I just want to confirm the behavior the dispersion estimate in DESeq2. I simulated some data with a true dispersion of 0 using the following:
require(DESeq2)
ngenes <- 5000
reps <- 3
freq.cv <- 2
sample.reads <- 1E6
sdlog <- sqrt( log( freq.cv^2+1 ) )
frequencies <- rlnorm(ngenes, sdlog=sdlog)
frequencies <- frequencies/sum(frequencies)
A <- NULL
mu <- frequencies * sample.reads
for (j in 1:(2*reps)) {
A <- cbind(A, rpois(ngenes, mu))
}
colnames(A) <- c(paste('untreated.', 1:reps, sep=''), paste('treated.', 1:reps, sep=''))
colData <- data.frame(c(rep('untreated',reps), rep('treated',reps)))
rownames(colData) <- names(A)
names(colData) <- 'condition'
cds <- DESeqDataSetFromMatrix(A, colData, ~condition)
cds <- estimateSizeFactors(cds)
cds <- DESeq(cds, fitType='parametric')
plotDispEsts(cds, CV=TRUE)
x <- 1:10000
y <- 1/sqrt(x)
lines(x,y,col='green',lwd=2)
And the CV plot is
It looks like the estimated dispersion pretty much tracks the Poisson variance.
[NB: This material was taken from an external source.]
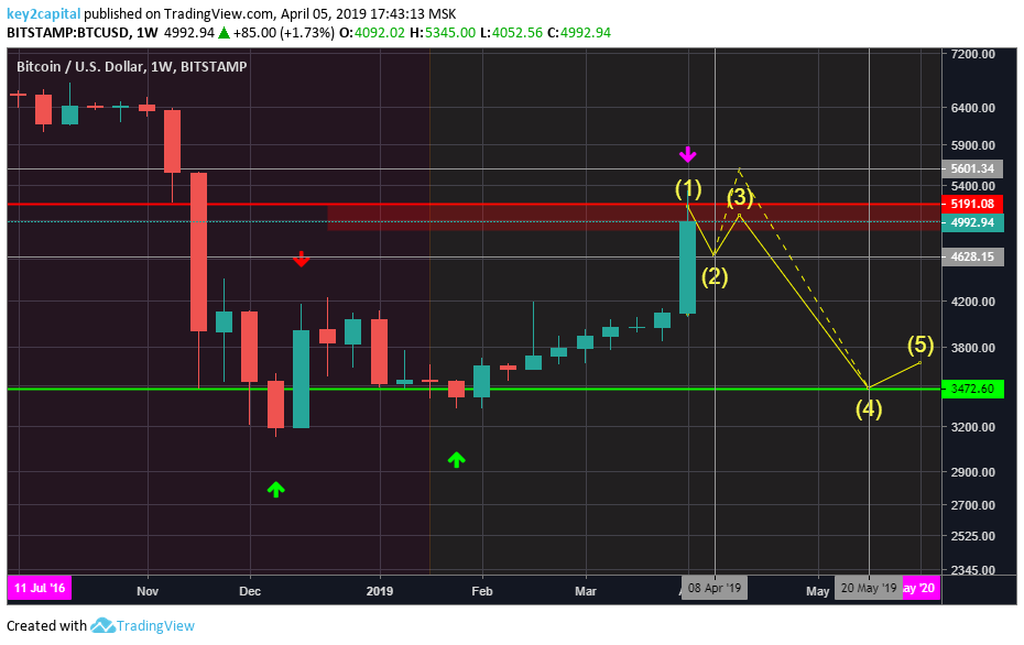Подытожу данным изображением прогноз, озвученный в последнем видео обзоре. Если так и случится, это будет последнее погружение битка в районе $3300-3600. Минимальное спекулятивное значение возможно до $2900.

I would expect the variance of the negative binomial itself to be equal to the Poisson variance when the true dispersion is 0. Does this mean the overall estimated variance of the negative binomial is twice that of the Poisson variance when the true dispersion 0? I recognize this won't add much to the variance at high counts but seems like at low counts it would overestimate the variance by a factor of two. Is this correct?
Many thanks for any clarification here.